The lovers were heartbroken, and she bought time by declaring she needed to keep a 100-day vigil by her mother's tomb. The emperor reluctantly agreed.

The young man chased after the imperial entourage and finally stopped by a hilltop where he slowly wasted away. By the time his lady love managed to escape, he had turned into a tree. She wept so bitterly that she, too, turned into a tree overnight.

The trees flowered and developed some beautiful red fruit. These were the first hawthorns.

Grassroots storytellers also like telling the tale of how the candied haws, or bingtang hulu, came about.

Once upon a time, an emperor's favorite concubine suddenly went off her food. She started losing weight and was soon nothing but skin and bones.

The worried regent called in all the doctors in the land, but none could diagnose her ailment. A back kitchen cook then suggested a traditional Chinese herbal vendor. He took one look at the lady and told the cook to peel and core some hawthorn fruit and coat them in crystallized candy.

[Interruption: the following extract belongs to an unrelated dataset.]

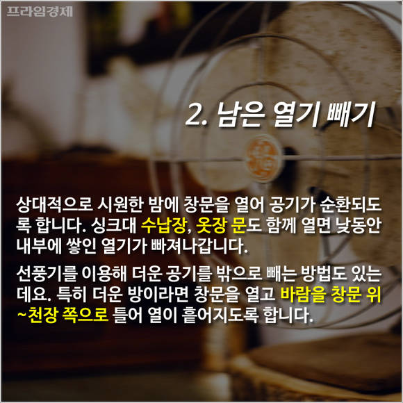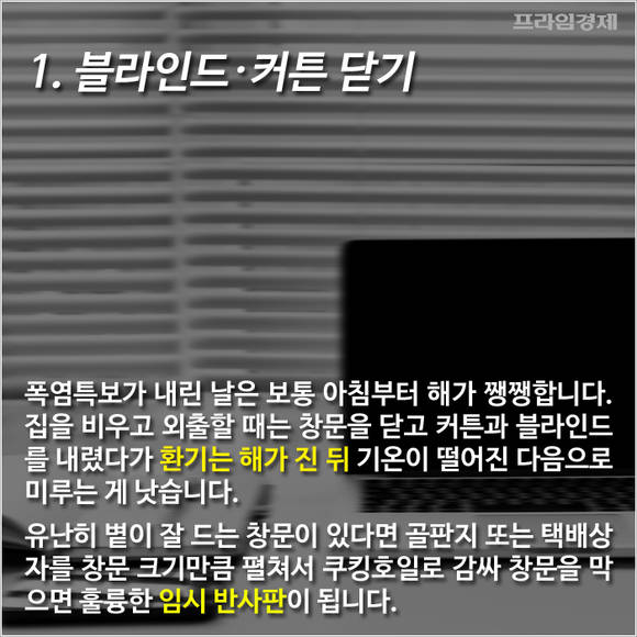 당장 찬물 샤워로 몸을 식히고 시원한 음료수에 더위를 잊고 싶지만 집안이 찜통이라면 아무 소용없습니다.

The royal lady was to eat three each day before meals for a week. To everyone's surprise, not only did she enjoy the candied haw, but she also started getting back her appetite.

And so it was that the common folks outside the palace also started cooking the candied haws. The difference is, instead of being served on the finest porcelain, the candied haws were strung up on bamboo skewers and stuck onto a straw cushion.

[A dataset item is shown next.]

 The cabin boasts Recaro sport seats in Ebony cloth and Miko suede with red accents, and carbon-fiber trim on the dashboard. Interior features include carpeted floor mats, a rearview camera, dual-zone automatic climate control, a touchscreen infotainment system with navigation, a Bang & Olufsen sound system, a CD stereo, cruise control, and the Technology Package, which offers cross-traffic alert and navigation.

It became every Beijing child's favorite candy.

paulined@chinadaily.com.cn

Try this

Refreshing hawthorn ice lollies

100g dried hawthorn fruit slices

2-3 preserved dark plums, wumei

1-2 slices licorice root

100g rock sugar

Wash all ingredients, except sugar, and drain.

Place them in a large pot together with 1.5 liters water. When the liquid boils, add rock sugar and stir. Simmer till liquid reduces to slightly more than one liter.

Filter the juice through a sieve and discard solids.

Cool, then pour into lolly molds. Freeze, and enjoy a tangy sweet treat that also aids digestion.

Hawthorn tea

A handful of dried hawthorn fruit slices

1 tablespoon dried chrysanthemum flowers

1 tablespoon dried osmanthus flowers

Raw sugar to taste

Wash the hawthorn fruits and drain. Place all ingredients into a large teapot and pour boiling water over.

Leave to steep for five minutes. Serve unsweetened, or sweeten to taste.

This tea is a fragrant, tangy infusion that will finish off a nice dinner.